Now in theory there is nothing wrong with this XAML. From a declarative programming point of view, I think it is well written (Ed: Cause I wrote it!) as it describes what we want (Items in the ListBox to be wrapped horizontally, displayed as Images within a border.

The problem with this declarative code is what most people fear with declarative code: what is actually happening under the hood? Before we trek too far, if I run the code (see example 6_UnresponsiveImages in the code example) I can select folders with small amount of small images just fine. The application runs ok. The current code becomes a problem when I point it to folders with large images. This is compounded when there are lots of those large images or when I am running on a slower/older computer.

We will quickly go off track to consider the likelihood of the large image slow computer problem. Digital cameras currently are getting cheaper and the quality is going up. Mid range cameras range between 8-12 megapixel and can have in excess of 8GB of memory.  Phones now are coming out with 5-8 megapixel cameras. If you come back and read this 12months from now, I guess you will laugh at the small sizes I refer to. Next consider the average user’s computer. Rightly or wrongly, the release of vista saw very few new features that users felt they needed. Many people still run Win XP and do so on old hardware. Pentium 4 chips are still pervasive in many homes and offices. Loading a gig of 10 megapixel images in our current app does prove to be a performance problem.
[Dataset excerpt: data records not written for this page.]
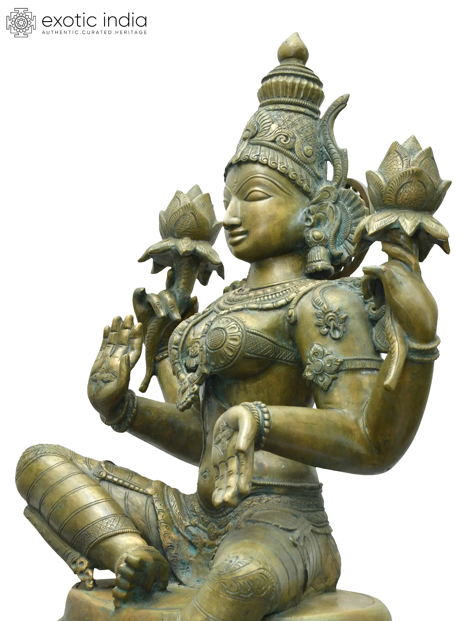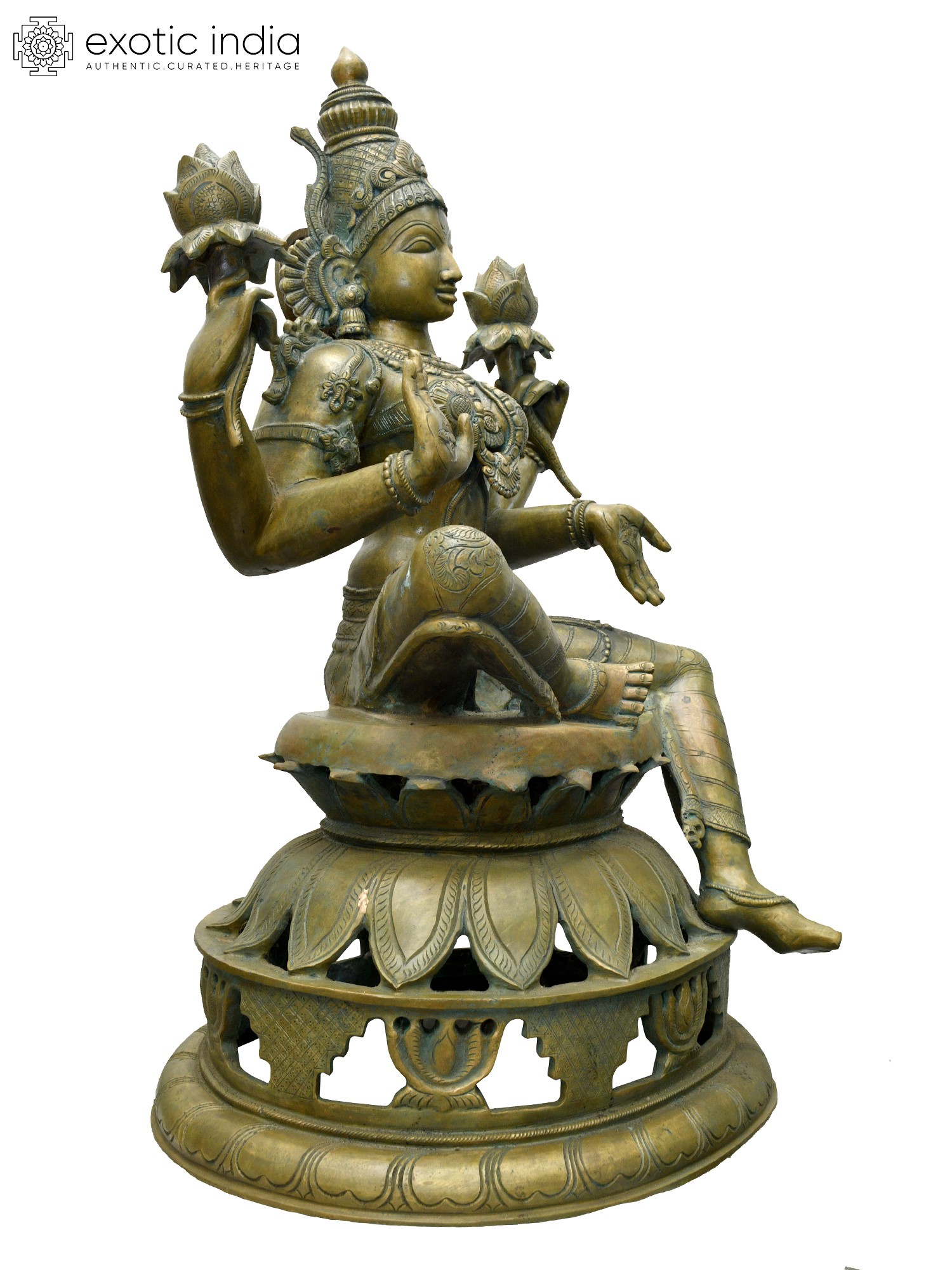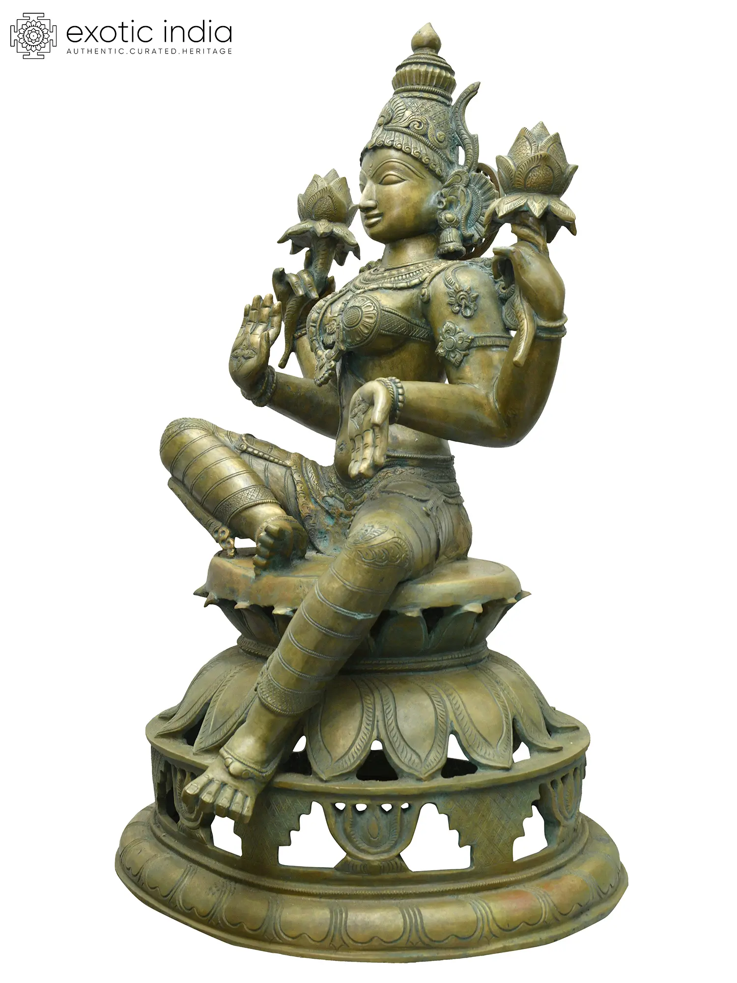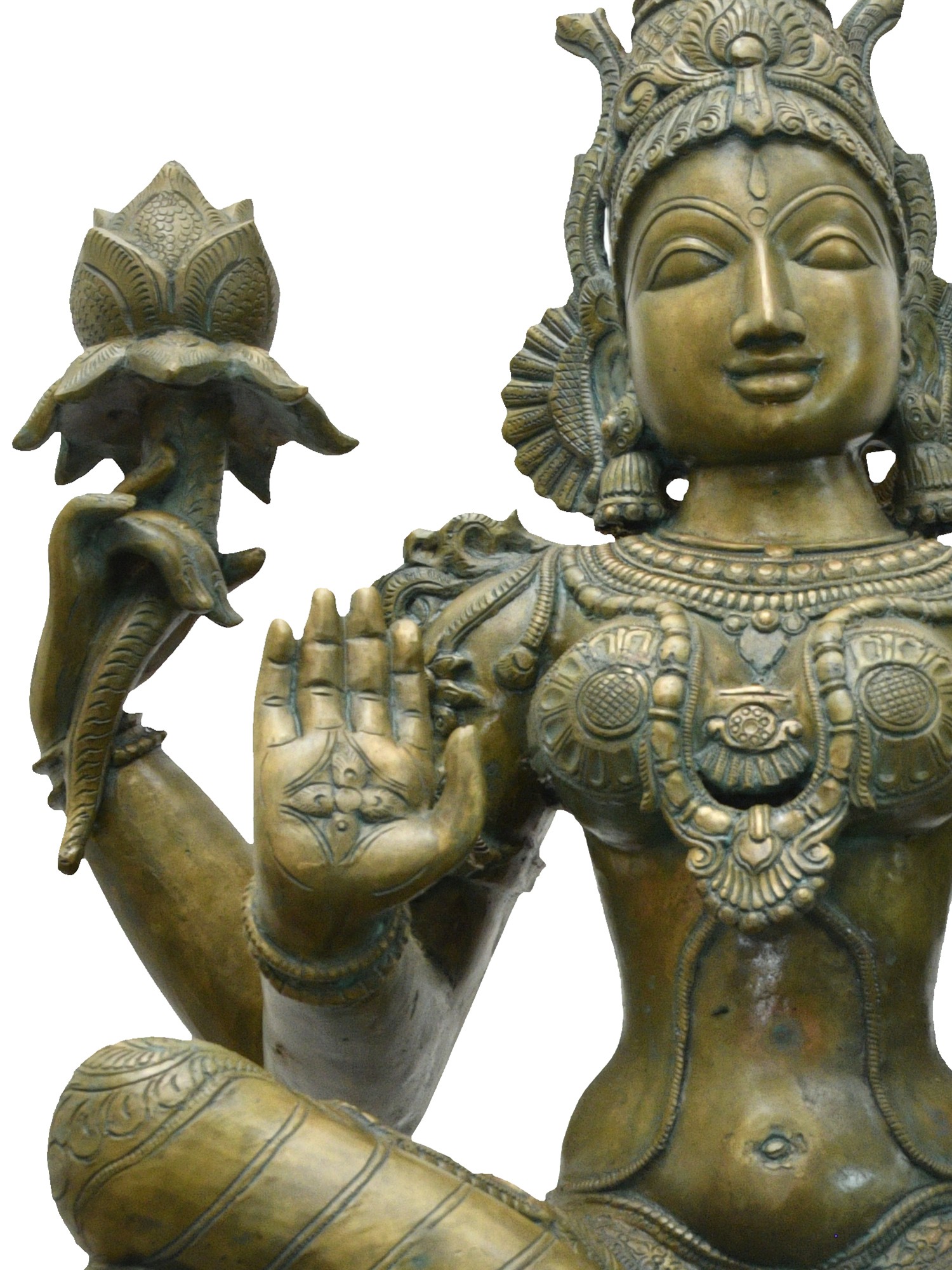 8" Devi Saraswati Idol | Hindu Goddess Brass Statue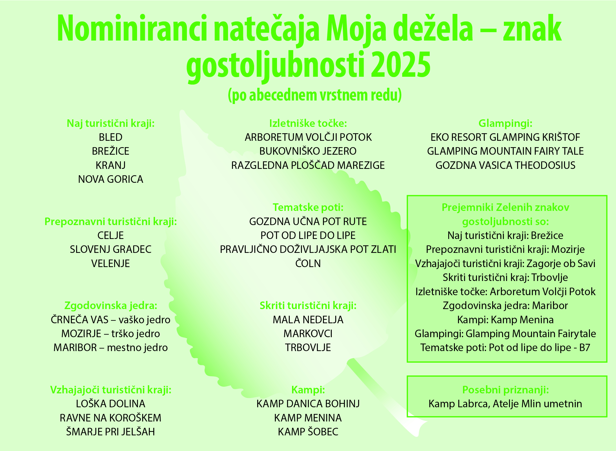 Vrhunec ponedeljkovega svečanega večera bo podelitev zlatih srebrnih in bronastih znakov gostoljubnosti najboljšim iz našega paradnega izbora Moja dežela – znak gostoljubnosti. Kraje smo na osnovi pobrane turistične takse razdelili na naslednje kategorije: naj turistični kraji, prepoznavni turistični kraji, vzhajajoči turistični kraji, skriti turistični kraji, izletniške točke, zgodovinska jedra, ocenjevali pa smo tudi kampe, glampinge in tematske poti. Podelili bomo tudi zelene znake gostoljubnosti, ki jih bodo prejele tiste destinacije iz vsake kategorije, ki ste jih izbrali s spletnim glasovanjem ter dve posebni priznanji.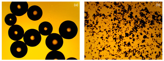 Optical microscopy images of (a) unground IR 120 Na+ resin and (b) ground IR 120 Na+ resin.

We actually have 2 problems here:

  1. loading of the image in it’s full resolution
  2. loading the image on the UI thread

We will only discuss issue 2 because technically this series is about responsive UIs, not performance (similar but not the same problem). So to get to the bottom of why our UI is laggy even though we have

  • loaded our Images on a different thread,
  • updated the UI using the dispatcher
  • and written nice XAML

we should understand a little bit about the Image control. The Image control has a Source property. Most often this source property is given a string or Uri, however some may have noticed that it actually is of type ImageSource. Through the magic of TypeConverters our strings and URI are converted to an appropriate sub class of ImageSource, most likely BitmapFrame. From having a quick browse over the code implemented around the ImageSource, BitmapSource, BitmapFrame & BitmapDecoder, I can only deduct that the only code executed off the UI thread is the downloading of the image where the source is a URI with http or https protocol. One may then argue that “well if it came from the file system wouldn’t that be so fast that it could be done on the UI thread”. One may argue that, but that is not the whole argument. Once the file has been read from disk it still must be decoded and then resized. While this generally is fast and would normally take less than 1 second, we should remember back to some magic number I made up that was 250ms-330ms (1/4 to 1/3 of a second) is the max the UI thread can hang for before it is very clear to the user. Now if I load just 8 images that each take 330ms-500ms to load from disk, decode and then resize this will create an awful user experience for the ender user as the progress bar stutters and images appear and the mouse is jerky.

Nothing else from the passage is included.